The statement put out by Trump's transition team, so obtuse and so arrogant, needs to be cited in full: "These are the same people that said Saddam Hussein had weapons of mass destruction. The election ended a long time ago in one of the biggest Electoral College victories in history. It's time to move on and 'Make America Great Again.'"
That Trump would happily trash our own CIA to get Putin off the hook is disturbing enough—and, by the way, there were dissenters in the CIA on Iraq. That he would ignore the risks our intelligence agents take on so many fronts to protect us is outrageous.
Rep. Adam Schiff of California, the ranking Democrat on the House Intelligence Committee, was genuinely disturbed over how a pampered and privileged man so readily threw our intelligence officers under the bus to make a political point. "Perhaps, once he has taken office," Schiff said, "Mr. Trump will go to the CIA and look at the rows of memorial stars in the lobby—each representing a fallen officer—and reflect on his disparagement of the intelligence community's work."
Oh, yes, and about his having won "one of the biggest Electoral College victories in history"? In the past 10 elections, Trump's electoral college take ranks eighth.

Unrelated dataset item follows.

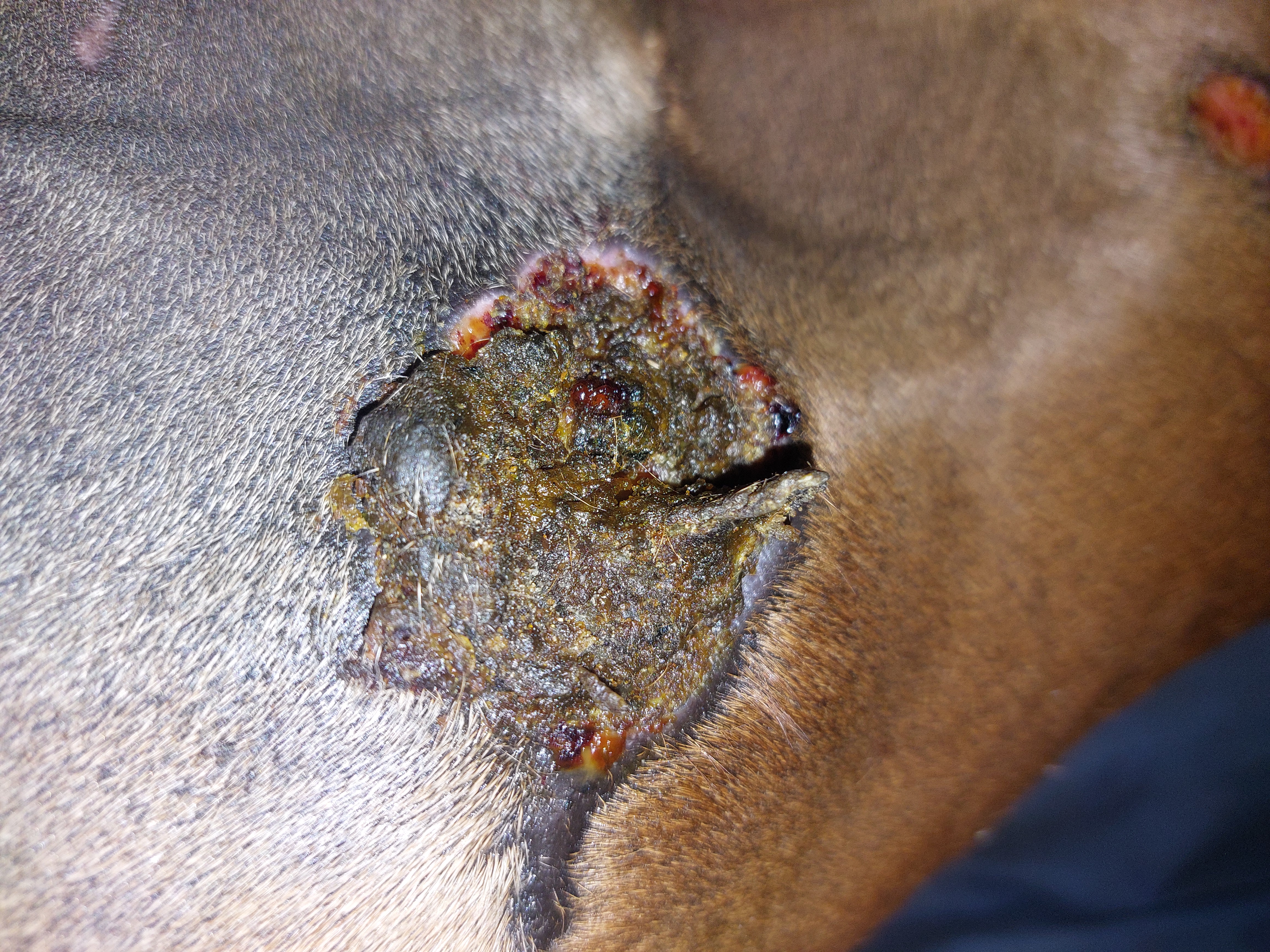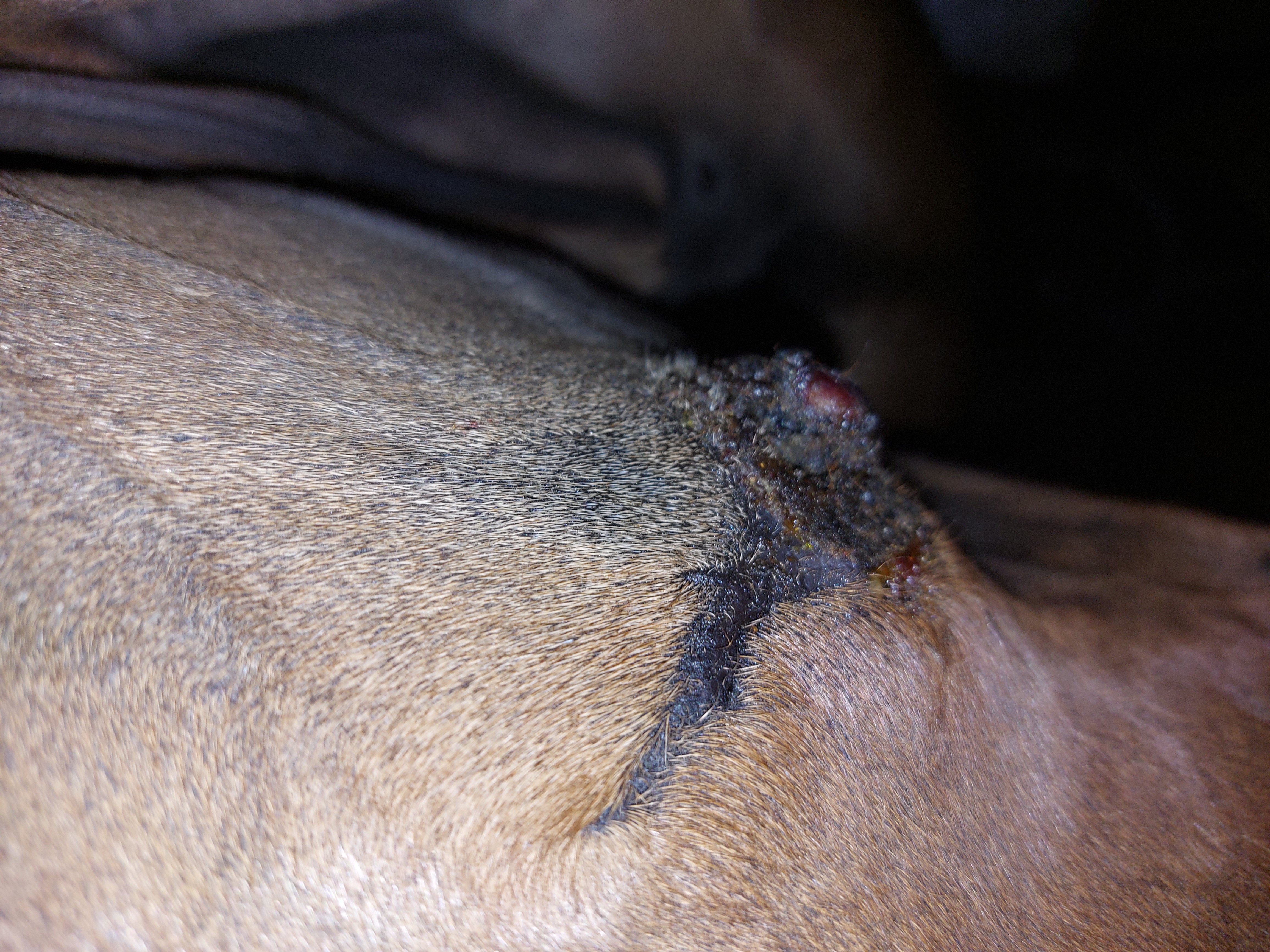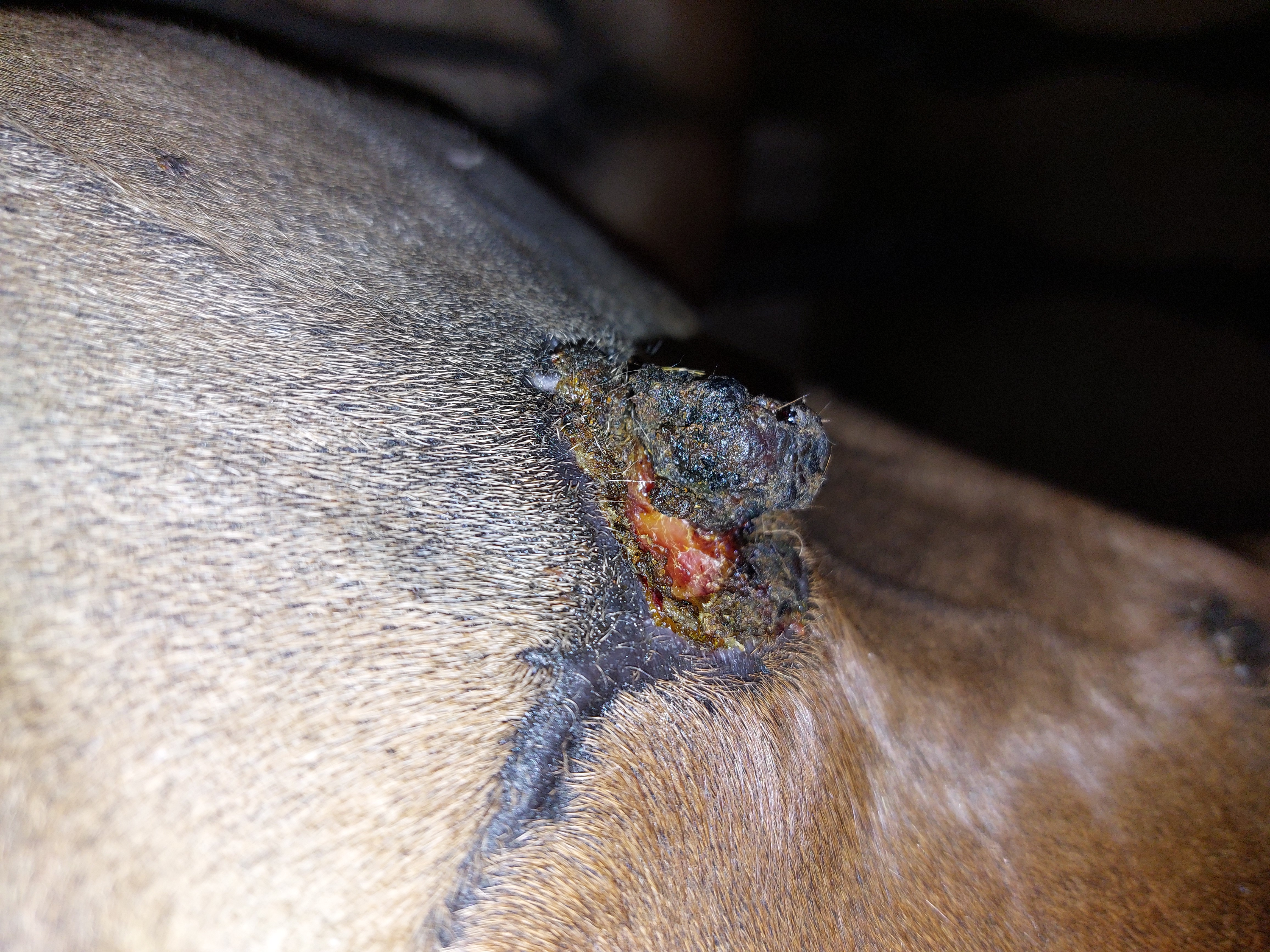 Hier gleich einmal der Stand von gestern, ich wage mich schon etwas zu freuen, denn ich finde sowohl vorne in der Achsel als auch am Hinterbein ist schon etwas gesunder Wundrand zu sehen.

The CIA finding is all the more worrisome because of how Trump has willingly served as a Putin apologist. On NBC in September, for example, Trump sounded very impressed with Putin's power when he declared: "The man has very strong control over a country." Well, yes, an autocrat whose opponents often turn up dead does exercise "very strong control." Trump went on to declare that Putin had been a leader "far more than our president has been a leader." I don't know about Trump, but I think most Americans would rather live under Barack Obama.
A further cause for concern: Trump and his top lieutenant Stephen K. Bannon have openly allied themselves with the far-right forces in Europe that Putin has championed. In a timely article for the Atlantic, "Russia and the Threat to Liberal Democracy," Larry Diamond, a senior fellow at the Hoover Institution, speaks of a "romance between far-right, anti-immigrant European parties" and Putin. A Trump romance with Putin fits neatly into this narrative -- which is precisely why Trump should want to dispel our fears rather than aggravate them. Diamond declared: "We stand now at the most dangerous moment for liberal democracy since the end of World War II." Why are we afraid? Because Trump gives us reason to worry he will not be on the right side of this fight.
Nor was it reassuring that a day after the story about the CIA's finding broke, Trump's inner circle leaked that his likely choice as secretary of state was Rex Tillerson, the ExxonMobil chairman and chief executive who had negotiated oil deals with Putin. For Tillerson's efforts, Putin awarded him Russia's Order of Friendship. "Friends and associates said few U.S. citizens are closer to Mr. Putin than Mr. Tillerson," the Wall Street Journal reported.
Is it paranoid to want to know whether Tillerson's ties to Putin are why he is at the top of Trump's list to be our top diplomat? Is it out of line to wonder, given Trump's lack of transparency about his finances, what role Russia has played in his business empire? After all, his son Donald Trump Jr. said in 2008 that "Russians make up a pretty disproportionate cross-section of a lot of our assets" and added: "We see a lot of money pouring in from Russia." Now more than ever, we need to know exactly what he was talking about.
Trump's circle will deride Democrats who ask such questions, but it will not be so easy for them to dismiss Republicans such as Sens. John McCain and Lindsey Graham. Those of us profoundly worried about a Trump presidency would be a little less anxious if more Republicans joined them in responding to this challenge not as partisans but as patriots.